Thanksgiving Wishes from The Defender

As we pull up a chair to the table to eat a Thanksgiving meal with our families, we ask our readers to not forget those less fortunate.

On your way to work or to drop off your children at school, you'll ride or walk past a line of people (sometimes wrapped around the building) waiting outside a church or a shelter for food giveaways.

Many of our brothers and sisters are without a roof over their heads or enough money to provide a meal for themselves and their families.

That could be you.

According to a recent study by the Greater Chicago Food Depository, the face of those who need help feeding themselves and their families have changed to include those in the working class, and poor people suffer from hunger and food insecurity at a disproportionate rate.

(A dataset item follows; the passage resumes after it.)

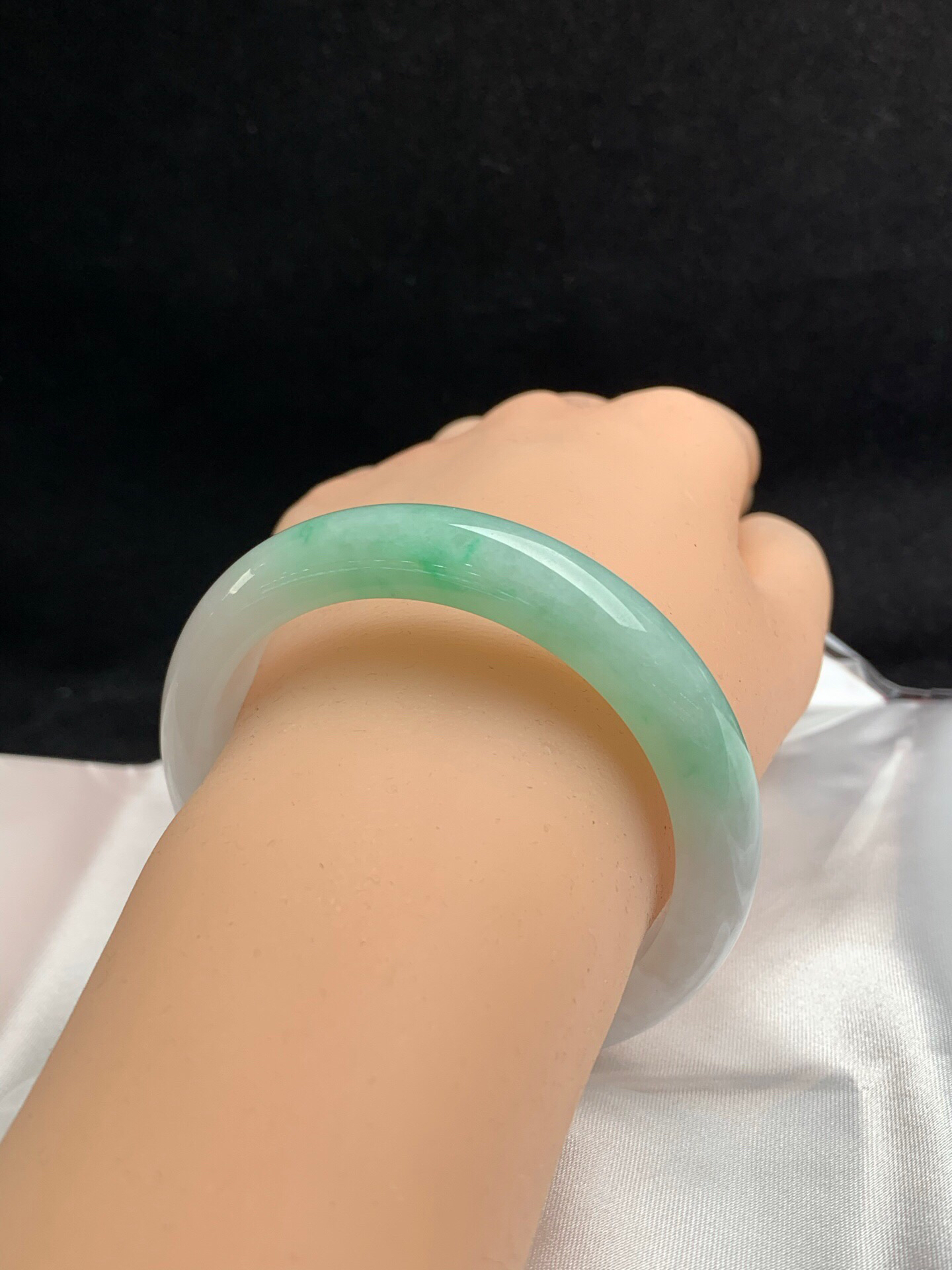 620738,55.8 晴底宽版正圈手镯,14.3-8.5mm,宽版手镯、整条带浅浅的底色,底子均匀干净完美,上手很大气!

Many community organizations, faith-based institutions and corporations hold food drives to feed the needy during holiday time.

Black on Black Love distributed Thanksgiving baskets Tuesday in Englewood to families and Steve and Marjorie Harvey gave away 1,000 turkeys last week at Chicago State University to benefit local churches, community-based organizations and single mothers from the Steve Harvey
Mentoring Program for Young Men in Chicago.

Many churches, including West Point Missionary Baptist Church, New Faith M.B. Church and New Covenant M.B. Church, feed the hungry on a weekly basis.

Have you put a few extra items in your grocery cart each week to donate to a food drive? Have you donated your time at your church or a local shelter to help feed those in need? Are you teaching your children to do the same?

Next time you walk past a box designated for canned goods donations, try to add a little more to the count.

Let's give thanks for what we have. Let's give thanks that we're able to help others.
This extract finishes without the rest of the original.